Amber, back on MAY 14TH (!!@#$%^&*!!), you asked me some very kind questions and somehow I sailed past them and never responded. I'll take the chance now! And btw, asking questions like that is uber caring, imo. I'm grateful you did/do.
....Hops? Are you content and reasonably happy with your current life? Sounds like you're still keeping a hand in with gardening, you have Pup for companionship - reliable assistance for the things that are important and loads more activity involving people than I'd be comfortable with. How's the writing going?
I'd say content in some ways -- notably the positive side of living alone, with my escapism and self-indulgences intact. I have no to-do lists or urgent projects, though in spring/summer I do usually do a few household improvements. This afternoon I'm getting a quote on replacing half my cork kitchen floor (dumb original choice) which a burst pipe ruined. Ouch. The other accomplishment, silly as it sounds, was getting the guy to take a big batch of annuals and plant them in my refurbished old wheelbarrow that my parents bought in the 40's. It's a gentle yellow with white handles and legs, funnily broad, etc. I always enjoyed using it (when I had a back) but the rust was marching in. Now it's a color explosion with coral begonia in the middle and all sorts of random colors around that. Looks really joyful.
I spent a fair amount on Slow Former Handyman, but it got done. Only downside for me was that I literally could do nothing (my back). Couldn't grab the bag of potting soil, bend over several times to load the barrow, bend again to plant anything. I had to hire help for all of it. Positive again, I think it was last fall I had him install the new lovely black screen/storm door to the patio, which makes me happy every time I use it.

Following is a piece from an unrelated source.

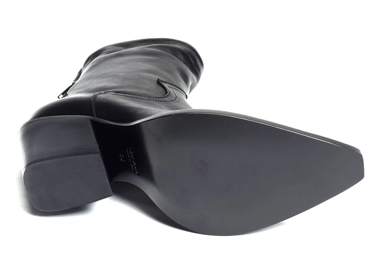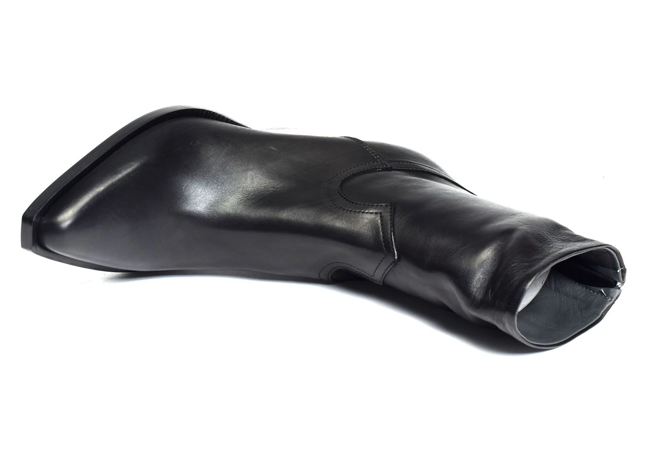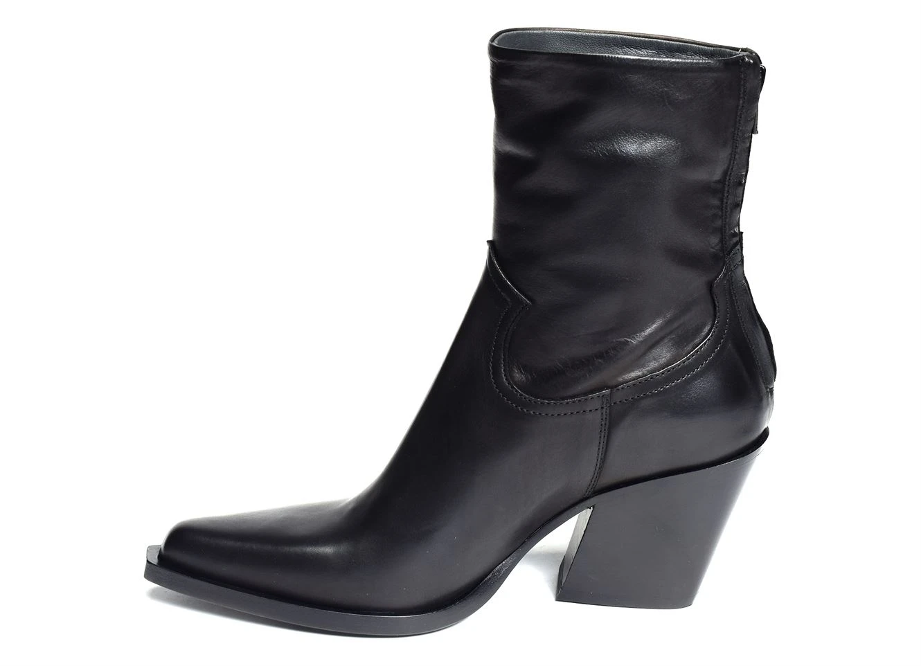 Solide, cette bottine est conçue intégralement en cuir. Elle est dotée d’une fermeture éclair à l’arrière du pied qui donne une finition élégante à cette chaussure tout comme son bout pointu ou encore son talon asymétrique.

NOT content with the ADD-avoidance of home tidying/decluttering/paperwork processing, which I know I've mentioned a lot. The degree to which I can let such things slide is not normal, and I am approaching it by pondering one square foot at a time. Does that mean I do it daily? Nope. It's shaming or self-shaming and it's the #1 thing I grieve, really. This little house has lovely bones and could be beautiful, and I had many dreams of visual serenity and happiness such that I've let slide.
I know my D has been back on my mind a great deal since I heard from her half-bro that she thought she'd be coming to live with me again since she told him she has "no other options" -- I think truthfully -- so I don't know if she's safe. Making that decision (answering No, via him) is the hardest thing I've done in a long time. I stand by it, but it feels like cancer of the heart. He didn't follow up as he said he would but when I asked, he said she hadn't responded further. She was at one point in an abusive relationship when she wound up in a hotel-stay program for the homeless, and as far as I know her time there ran out. I have no idea about her income (I think disability?) but know her health is really bad. Her instability, physical pain/s, steroid dependency (Addison's) and bipolar are endless miseries. Put more simply, although highly intelligent she's also crazy. Breaks my heart.
Pup's companionship has mellowed and gotten to be a real joy, after a very rough start. He's still not well trained because, you guessed it, a lot of repetitive bending. But he's no longer eating everything in reach including furniture legs, he's much much sweeter and has discovered the real joys of cuddling. He's about 15 lbs max, whew, and makes me laugh every single day. He's got a crazy face (mildly undershot jaw and frequent Rodney Dangerfield expressions), a wonderful curved-up tail, and about three different breed-coats, so sometimes he looks like a dandelion on a bad day, which makes him even cuter. He's pure people bait because the total effect is cuteness overload. He was bouncing straight up and down inside the storm door recently as a delivery guy came to the porch and the man was just grinning ear to ear. To have a pet make people so happy is very joyful for me.
Writing's slow, which I don't mind, but my work is maturing too. I have one about my fundamentalist preacher relative that I'm really proud of, so intend to actually Send It Out! Mirabile dictu.
That was fun, in the Me Me Me department, and I'm really happy you asked!